> Task instructions:
Any picture in the entries is to be skipped, while everything else is transcribed word for word.

> Listed records:
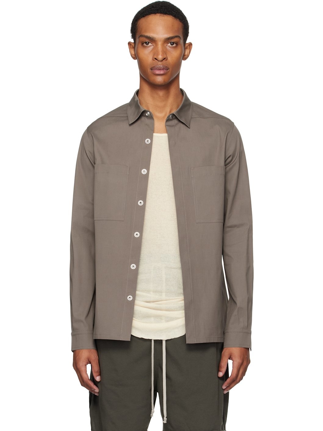 Stretch GOTS-certified organic cotton poplin shirt. · Spread collar · Press-stud closure · Patch pockets · Shirttail hem · Press-stud barrel cuffs · Webbing strap at back yoke Supplier color: Dust 97% organic cotton, 3% elastane. Made in Italy 252232M192013
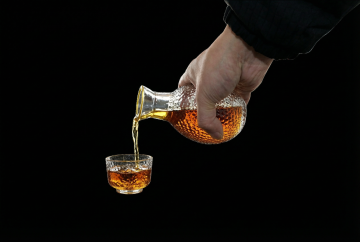 3D玻璃质感水滴造型,重拟物设计展现清透与体积感,科技感十足的琥珀色液体,光影细腻,现代简约风格。
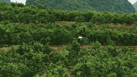 极飞农业无人机四旋翼产生的下压风场,还能穿透果树冠层,使无人机药液能均匀附着在叶片上下,彻底打透果树,让病虫害无处可藏,大大提高果树植保的效果。
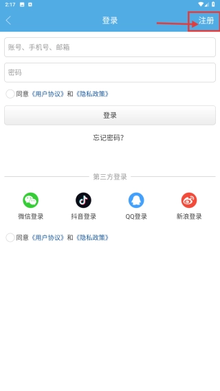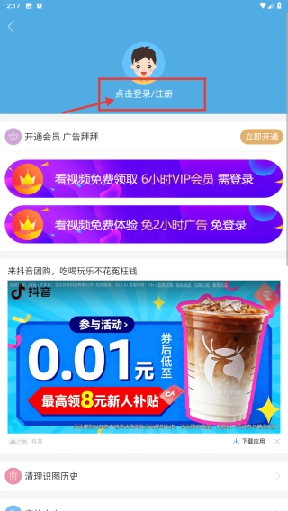 在个人中心页面,点击登录/注册区域,即可进入登录/注册界面。
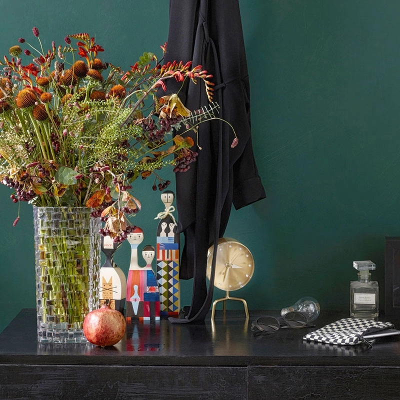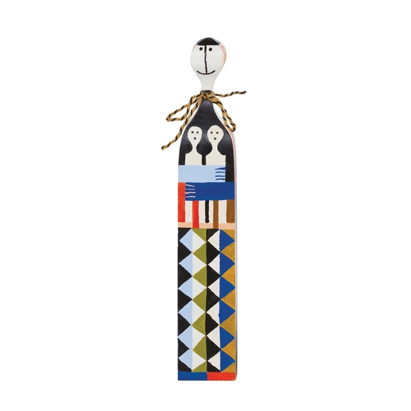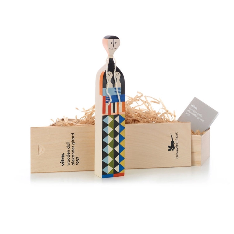 Né en 1907 à New York, Alexander Girard est l’une des figures emblématiques du design américain de l’après-guerre. Architecte de formation, il est longtemps resté dans l’ombre avant de prendre la direction de la division tissus et textiles de l’éditeur Herman Miller, pour qui il créa une multitude de tissus aux couleurs vives, avec un goût prononcé pour les motifs géométriques et les formes abstraites. Ses inspirations puisent leurs racines dans ses voyages et découvertes à travers le monde. Il est également lié d’amitié avec les designers George Nelson et le couple Charles & Ray Eames. Alexander Girard se distingue par ses créations de mobilier ainsi que par ses séries de personnages décalés en bois, surnommés « Wooden Dolls » ou « Figurine Dolls ». Aujourd’hui édité par Vitra, son travail continue de résonner dans le monde du design. En 1962, avec l’aide de sa femme, il crée la Fondation Girard, qui recense une collection de plus de 100 000 pièces. Après sa disparition en 1993, ses héritiers font don de ses archives, comprenant de nombreux croquis, prototypes et échantillons, au Vitra Design Museum.
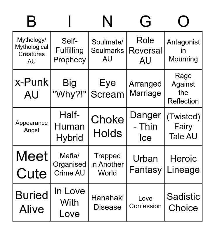 This bingo card has 80 words: Alpha/Beta/Omega AU, Superheroes/ Superpowers AU, Soulmate/ Soulmarks AU, Fantasy AU, Sci-fi AU, Cowboy/ Western AU, Fandom-specific AU, Fusion Crossover AU, Historical AU, Time Travel AU, High school/ College/ University AU, Apocalypse AU, Role Reversal AU, Mythology/ Mythological Creatures AU, Pirate AU, x-Punk AU, Childhood Friends AU, Mafia/ Organised Crime AU, Alternate Employment AU, (Twisted) Fairy Tale AU, Alone in a Crowd, Antagonist in Mourning, Appearance Angst, Eye Scream, Big "Why?!", Broken Hero, Heal It With Booze, Despair Event Horizon, Self-Surgery, My God, What Have I Done?, Rage Against the Reflection, Survivor's Guilt, Hanahaki Disease, Sadistic Choice, Buried Alive, Danger - Thin Ice, Mortal Wound Reveal, Rasputinian Death, Mind Control, Choke Holds, Historical Fantasy, All Myths Are True, Does Not Like Magic, Magic Knight, Magitek, Self-Fulfilling Prophecy, Standard Fantasy Races, The Chosen One, Artifact of Doom, Jerkass Gods, Heroic Lineage, Half-Human Hybrid, Urban Fantasy, The Hidden Hour, Science Wizard, Elements of Nature, Black Magic, Here There Be Dragons, Soul Jar, Trapped in Another World, Arranged Marriage, Green-Eyed Epiphany, Childhood Friend Romance, Rejected Marriage Proposal, Lovable Rogue, Fake Relationship, Star-Crossed Lovers, Battle Couple, Unresolved Sexual Tension, Bodyguard Crush, Meet Cute, In Love With Love, The Matchmaker, Rescue Romance, There Is Only One Bed, First Kiss, Love Confession, Romantic Rain, Undercover as Lovers and Secret Relationship.
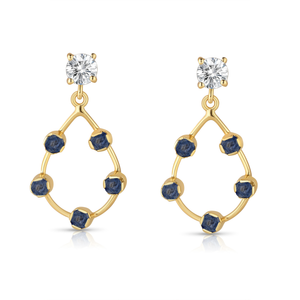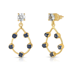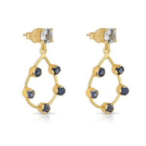Inspired by dusky blues — gold-plated drops with topaz and kyanite in a leaf-petal form.
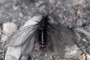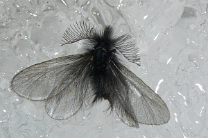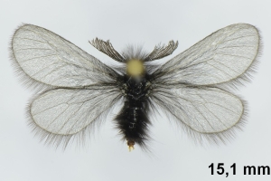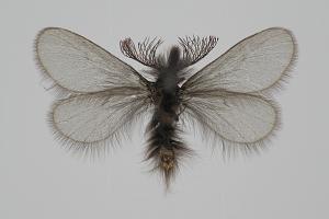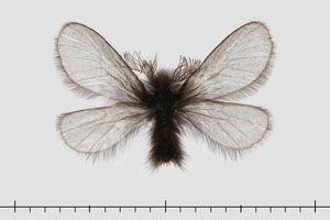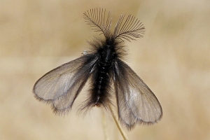 Unterscheidung von Ptilocephala muscella und P. plumifera: Die 5. und 6. Ader aus der Diskoidalzelle des Vorderflügels (vom Innerand aus gezählt) sind an der Basis bei plumifera verwachsen ("gestielt"), bei muscella getrennt (Hinweis von Erwin Hauser)
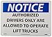 - Header "NOTICE" and Legend "AUTHORIZED DRIVERS ONLY ARE ALLOWED TO OPERATE LIFT TRUCKS"
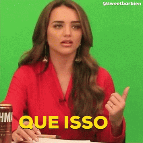 Rafakalimann reacts with 'Que Isso' on Sweetbarbien, wearing a red shirt against a green screen.
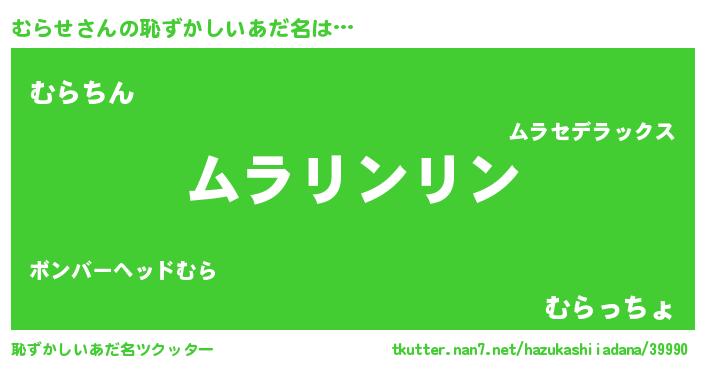 | 意味不明あだ名 | 『とにかく怪しいむらせ』『自称むらせ』 |
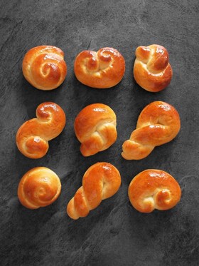 - Cesto rozdeľte na 50 g kúsky a z každého uváľajte prameň, z ktorého následne upletiete rôzne tvary. Pokiaľ chcete mať tvarovanie obzvlášť jednoduché, nechajte rozdelené kúsky vychladiť 20 minút v chladničke.

> Solution for this task:
 Stretch GOTS-certified organic cotton poplin shirt. · Spread collar · Press-stud closure · Patch pockets · Shirttail hem · Press-stud barrel cuffs · Webbing strap at back yoke Supplier color: Dust 97% organic cotton, 3% elastane. Made in Italy 252232M192013
 3D玻璃质感水滴造型,重拟物设计展现清透与体积感,科技感十足的琥珀色液体,光影细腻,现代简约风格。
 极飞农业无人机四旋翼产生的下压风场,还能穿透果树冠层,使无人机药液能均匀附着在叶片上下,彻底打透果树,让病虫害无处可藏,大大提高果树植保的效果。
 在个人中心页面,点击登录/注册区域,即可进入登录/注册界面。
 Né en 1907 à New York, Alexander Girard est l’une des figures emblématiques du design américain de l’après-guerre. Architecte de formation, il est longtemps resté dans l’ombre avant de prendre la direction de la division tissus et textiles de l’éditeur Herman Miller, pour qui il créa une multitude de tissus aux couleurs vives, avec un goût prononcé pour les motifs géométriques et les formes abstraites. Ses inspirations puisent leurs racines dans ses voyages et découvertes à travers le monde. Il est également lié d’amitié avec les designers George Nelson et le couple Charles & Ray Eames. Alexander Girard se distingue par ses créations de mobilier ainsi que par ses séries de personnages décalés en bois, surnommés « Wooden Dolls » ou « Figurine Dolls ». Aujourd’hui édité par Vitra, son travail continue de résonner dans le monde du design. En 1962, avec l’aide de sa femme, il crée la Fondation Girard, qui recense une collection de plus de 100 000 pièces. Après sa disparition en 1993, ses héritiers font don de ses archives, comprenant de nombreux croquis, prototypes et échantillons, au Vitra Design Museum.
 This bingo card has 80 words: Alpha/Beta/Omega AU, Superheroes/ Superpowers AU, Soulmate/ Soulmarks AU, Fantasy AU, Sci-fi AU, Cowboy/ Western AU, Fandom-specific AU, Fusion Crossover AU, Historical AU, Time Travel AU, High school/ College/ University AU, Apocalypse AU, Role Reversal AU, Mythology/ Mythological Creatures AU, Pirate AU, x-Punk AU, Childhood Friends AU, Mafia/ Organised Crime AU, Alternate Employment AU, (Twisted) Fairy Tale AU, Alone in a Crowd, Antagonist in Mourning, Appearance Angst, Eye Scream, Big "Why?!", Broken Hero, Heal It With Booze, Despair Event Horizon, Self-Surgery, My God, What Have I Done?, Rage Against the Reflection, Survivor's Guilt, Hanahaki Disease, Sadistic Choice, Buried Alive, Danger - Thin Ice, Mortal Wound Reveal, Rasputinian Death, Mind Control, Choke Holds, Historical Fantasy, All Myths Are True, Does Not Like Magic, Magic Knight, Magitek, Self-Fulfilling Prophecy, Standard Fantasy Races, The Chosen One, Artifact of Doom, Jerkass Gods, Heroic Lineage, Half-Human Hybrid, Urban Fantasy, The Hidden Hour, Science Wizard, Elements of Nature, Black Magic, Here There Be Dragons, Soul Jar, Trapped in Another World, Arranged Marriage, Green-Eyed Epiphany, Childhood Friend Romance, Rejected Marriage Proposal, Lovable Rogue, Fake Relationship, Star-Crossed Lovers, Battle Couple, Unresolved Sexual Tension, Bodyguard Crush, Meet Cute, In Love With Love, The Matchmaker, Rescue Romance, There Is Only One Bed, First Kiss, Love Confession, Romantic Rain, Undercover as Lovers and Secret Relationship.
Inspired by dusky blues — gold-plated drops with topaz and kyanite in a leaf-petal form.
 Unterscheidung von Ptilocephala muscella und P. plumifera: Die 5. und 6. Ader aus der Diskoidalzelle des Vorderflügels (vom Innerand aus gezählt) sind an der Basis bei plumifera verwachsen ("gestielt"), bei muscella getrennt (Hinweis von Erwin Hauser)
 - Header "NOTICE" and Legend "AUTHORIZED DRIVERS ONLY ARE ALLOWED TO OPERATE LIFT TRUCKS"
 Rafakalimann reacts with 'Que Isso' on Sweetbarbien, wearing a red shirt against a green screen.
 | 意味不明あだ名 | 『とにかく怪しいむらせ』『自称むらせ』 |
 - Cesto rozdeľte na 50 g kúsky a z každého uváľajte prameň, z ktorého následne upletiete rôzne tvary. Pokiaľ chcete mať tvarovanie obzvlášť jednoduché, nechajte rozdelené kúsky vychladiť 20 minút v chladničke.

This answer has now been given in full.